- [PROBLEM STATEMENT] Look through the listing below for the line containing "Мото аккумулятор ИРКУТ". Copy it and each line after it up to and including the line containing "The integration of", exactly, leaving out pictures.

- [INPUT MATERIAL]
+ + + +

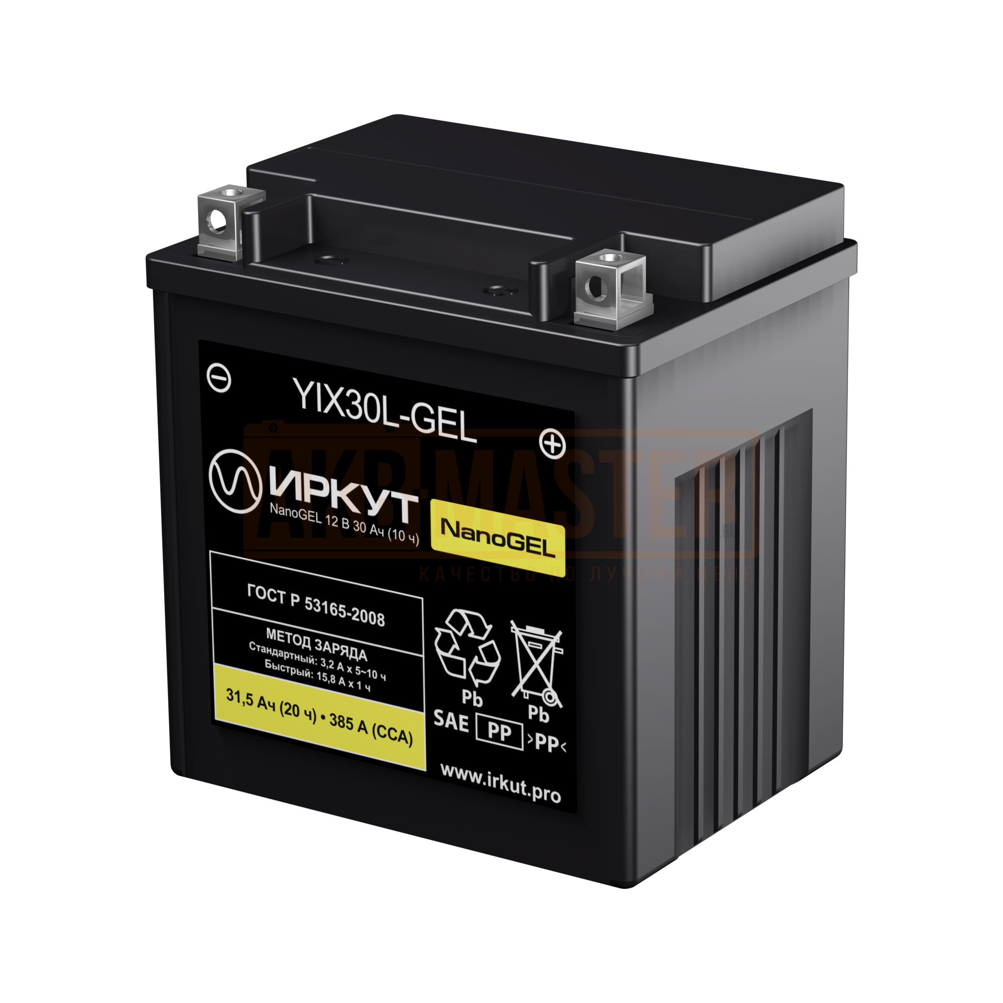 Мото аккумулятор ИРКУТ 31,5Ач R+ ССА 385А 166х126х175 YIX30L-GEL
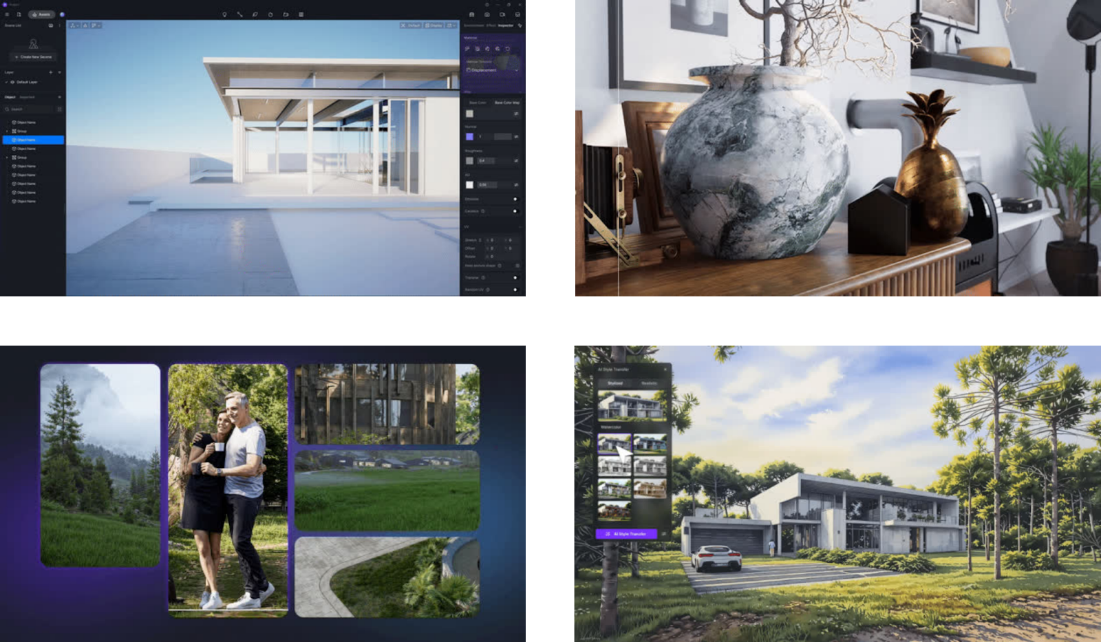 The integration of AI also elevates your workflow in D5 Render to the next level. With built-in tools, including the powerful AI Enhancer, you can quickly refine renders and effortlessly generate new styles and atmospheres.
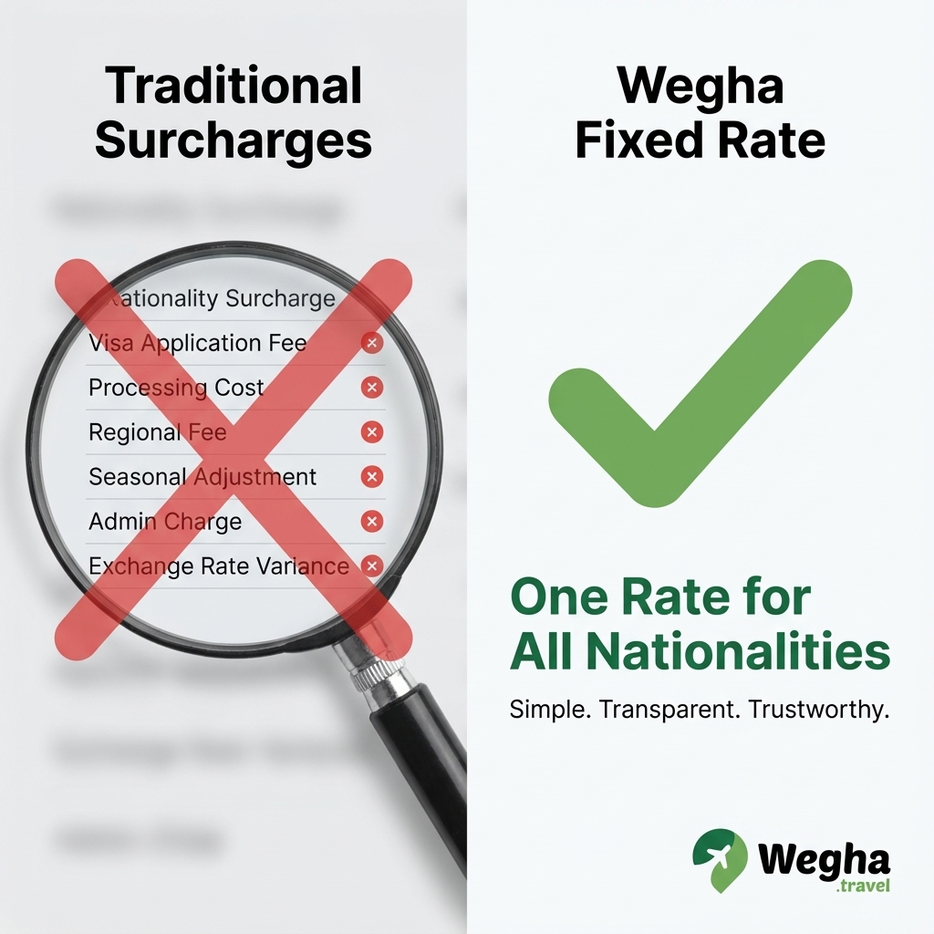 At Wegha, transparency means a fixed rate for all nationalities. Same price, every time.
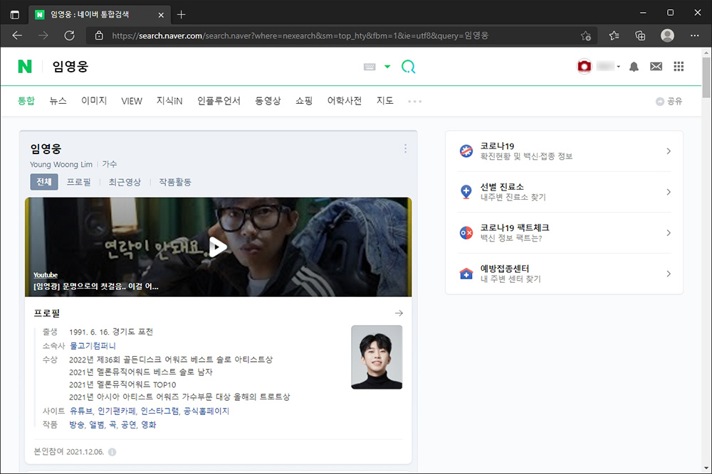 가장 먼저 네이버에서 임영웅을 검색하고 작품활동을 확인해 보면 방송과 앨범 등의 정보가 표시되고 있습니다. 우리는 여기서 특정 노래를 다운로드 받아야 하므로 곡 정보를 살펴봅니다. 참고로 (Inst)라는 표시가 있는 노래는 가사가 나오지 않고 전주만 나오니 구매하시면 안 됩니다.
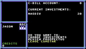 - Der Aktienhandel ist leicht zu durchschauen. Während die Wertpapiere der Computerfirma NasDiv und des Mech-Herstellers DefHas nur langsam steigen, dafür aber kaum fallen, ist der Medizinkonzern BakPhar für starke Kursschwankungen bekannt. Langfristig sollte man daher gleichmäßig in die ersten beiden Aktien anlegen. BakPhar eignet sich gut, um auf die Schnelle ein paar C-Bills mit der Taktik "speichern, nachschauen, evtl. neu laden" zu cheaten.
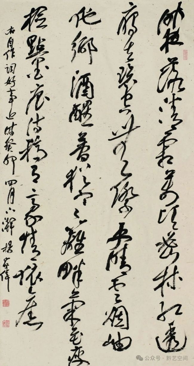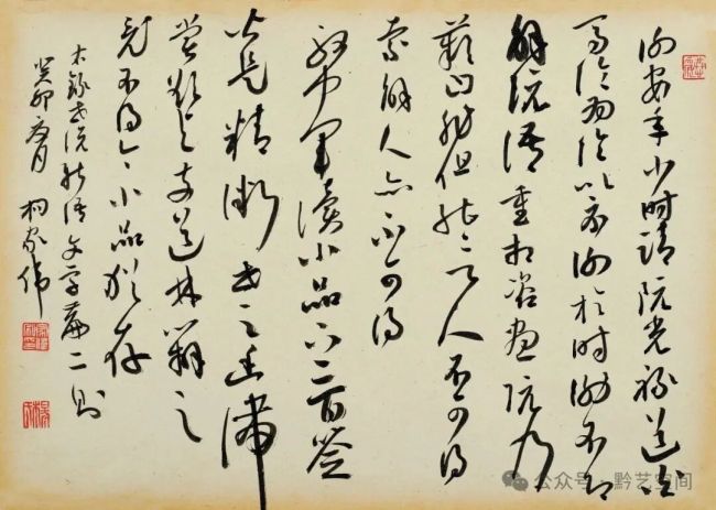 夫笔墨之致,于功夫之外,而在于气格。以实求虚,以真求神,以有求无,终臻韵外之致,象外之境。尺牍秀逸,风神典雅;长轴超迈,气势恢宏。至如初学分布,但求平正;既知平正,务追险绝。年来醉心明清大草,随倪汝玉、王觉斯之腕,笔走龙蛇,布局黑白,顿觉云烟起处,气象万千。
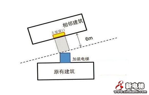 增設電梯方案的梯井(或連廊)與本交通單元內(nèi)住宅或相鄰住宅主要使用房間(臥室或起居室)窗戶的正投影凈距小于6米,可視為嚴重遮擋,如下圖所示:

+ + + +

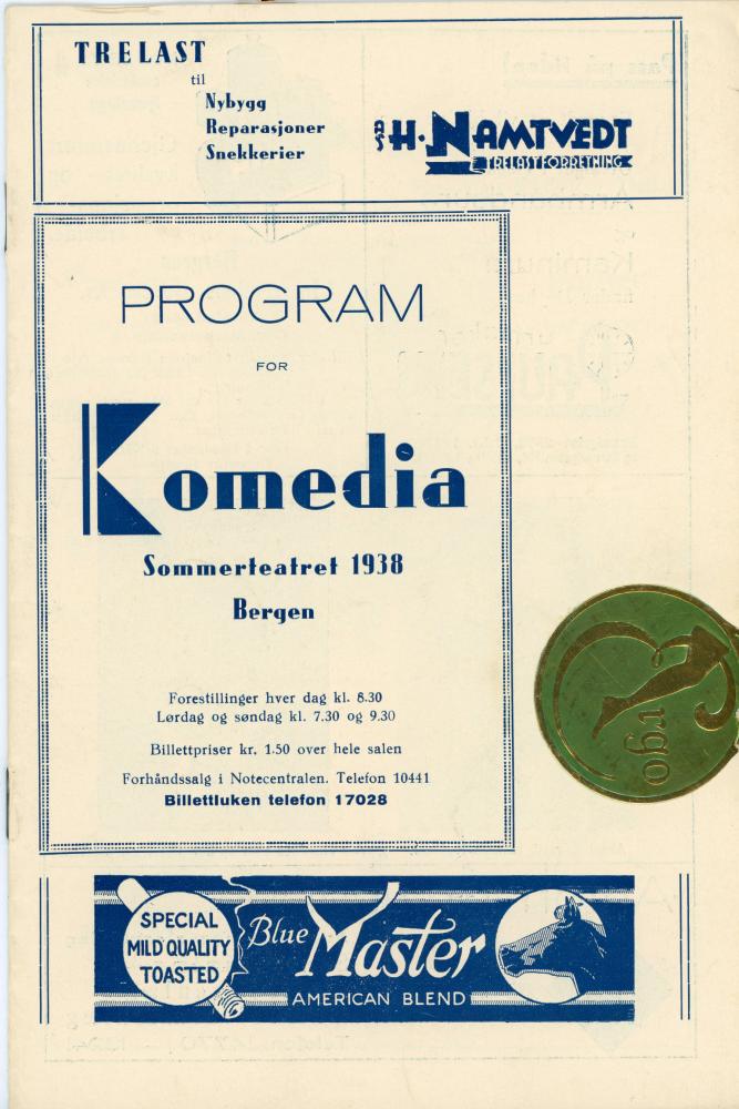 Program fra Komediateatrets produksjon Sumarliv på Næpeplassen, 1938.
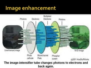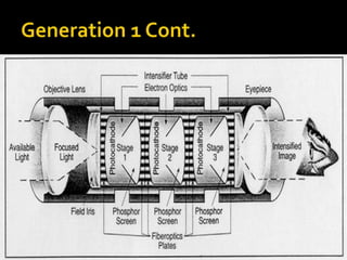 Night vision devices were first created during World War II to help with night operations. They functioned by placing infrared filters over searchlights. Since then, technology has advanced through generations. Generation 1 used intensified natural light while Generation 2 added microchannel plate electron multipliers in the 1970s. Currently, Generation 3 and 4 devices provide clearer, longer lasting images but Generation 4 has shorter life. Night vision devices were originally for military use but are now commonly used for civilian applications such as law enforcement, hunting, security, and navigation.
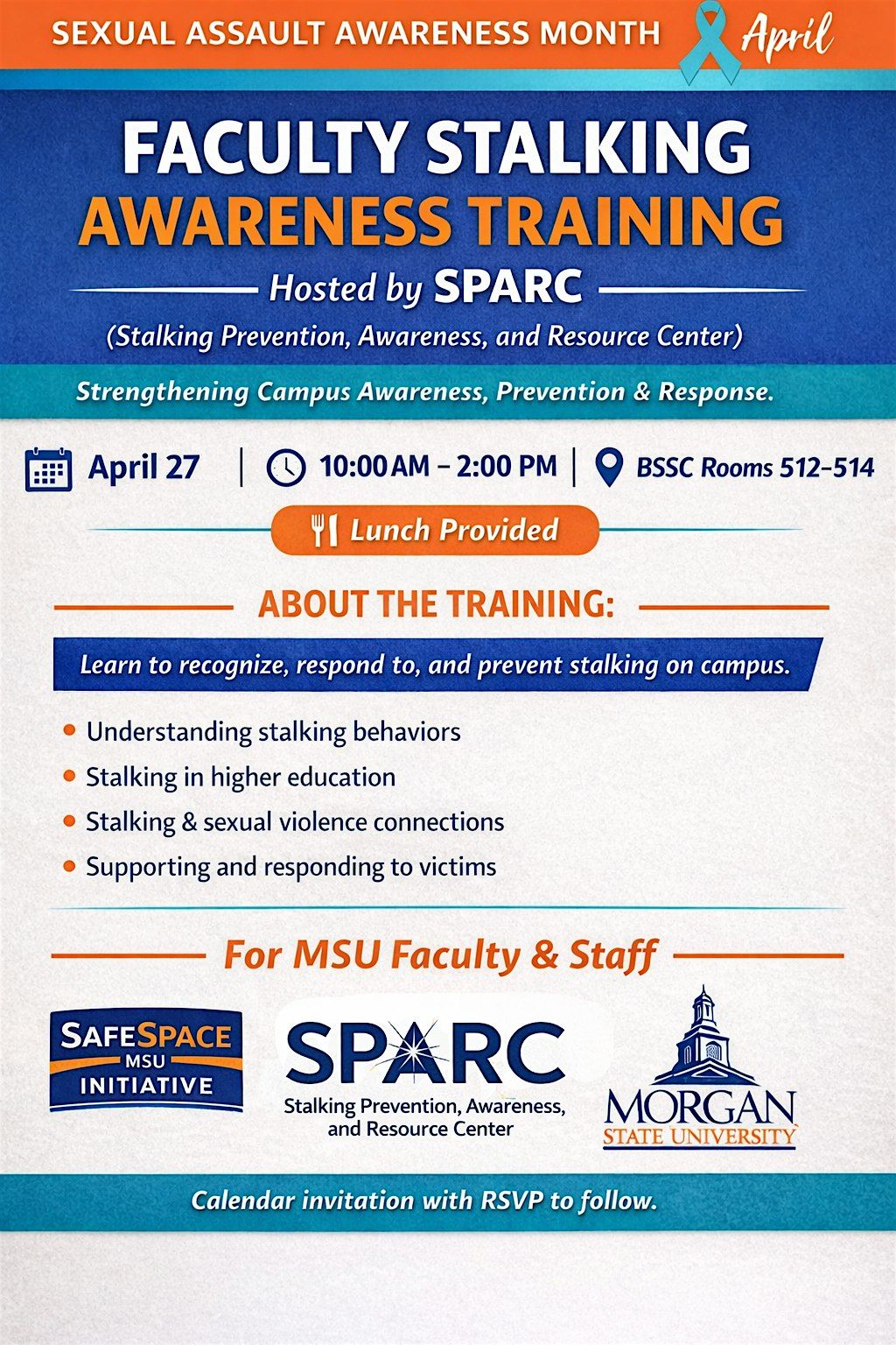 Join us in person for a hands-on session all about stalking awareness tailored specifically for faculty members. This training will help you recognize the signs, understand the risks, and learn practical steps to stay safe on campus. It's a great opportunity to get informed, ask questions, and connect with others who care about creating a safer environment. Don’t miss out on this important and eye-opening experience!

+ + + +

- [FINISHED EXERCISE]
 Мото аккумулятор ИРКУТ 31,5Ач R+ ССА 385А 166х126х175 YIX30L-GEL
 The integration of AI also elevates your workflow in D5 Render to the next level. With built-in tools, including the powerful AI Enhancer, you can quickly refine renders and effortlessly generate new styles and atmospheres.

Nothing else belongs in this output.